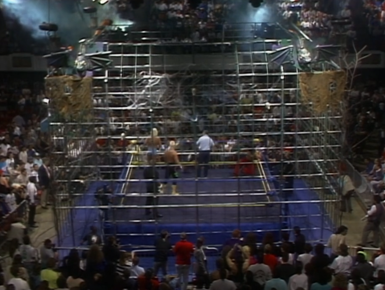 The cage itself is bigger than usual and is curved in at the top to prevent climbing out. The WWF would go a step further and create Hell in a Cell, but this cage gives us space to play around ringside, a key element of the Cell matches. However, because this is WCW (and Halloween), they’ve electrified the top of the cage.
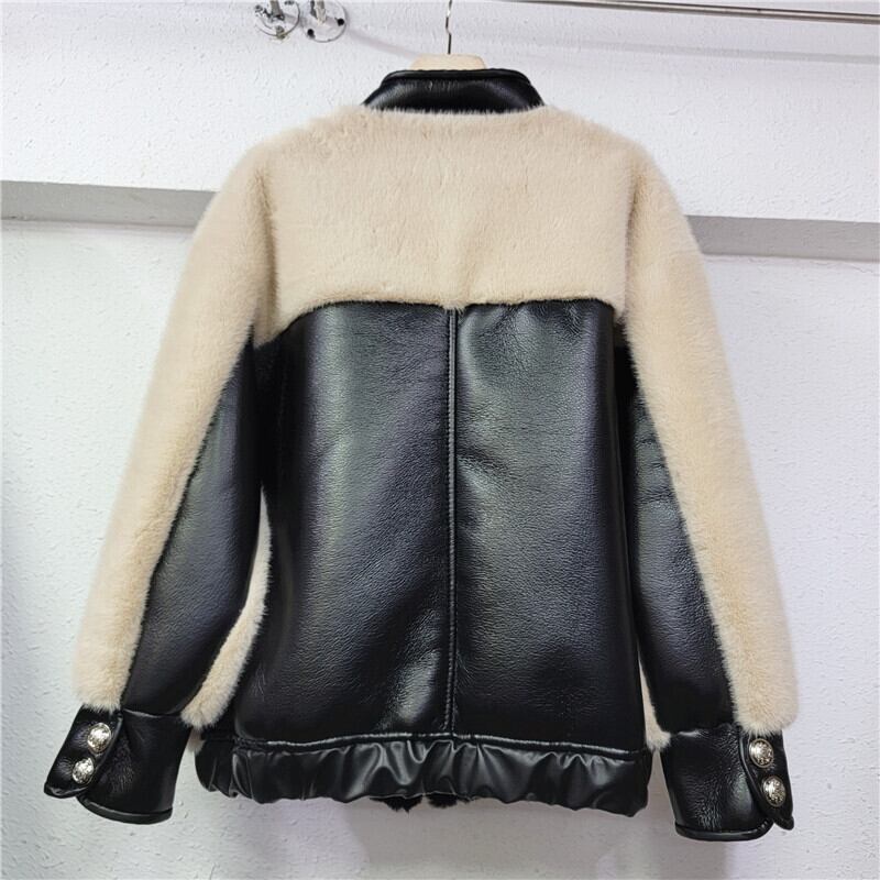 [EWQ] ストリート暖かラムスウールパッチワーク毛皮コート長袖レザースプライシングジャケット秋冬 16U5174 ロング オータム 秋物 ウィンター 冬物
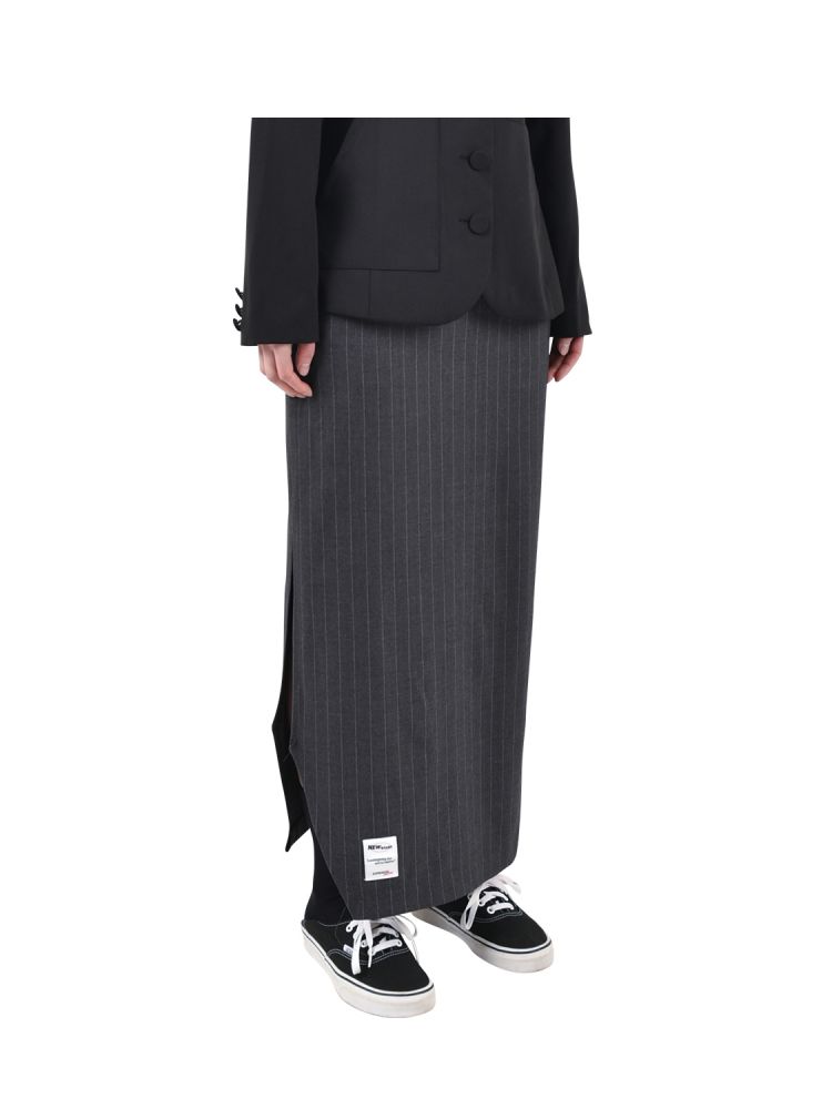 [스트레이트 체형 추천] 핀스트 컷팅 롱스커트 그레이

■ What the task asks ■
Line by line, return the listing above exactly, leaving out its pictures.

■ Result of the task ■
 The cage itself is bigger than usual and is curved in at the top to prevent climbing out. The WWF would go a step further and create Hell in a Cell, but this cage gives us space to play around ringside, a key element of the Cell matches. However, because this is WCW (and Halloween), they’ve electrified the top of the cage.
 [EWQ] ストリート暖かラムスウールパッチワーク毛皮コート長袖レザースプライシングジャケット秋冬 16U5174 ロング オータム 秋物 ウィンター 冬物
 [스트레이트 체형 추천] 핀스트 컷팅 롱스커트 그레이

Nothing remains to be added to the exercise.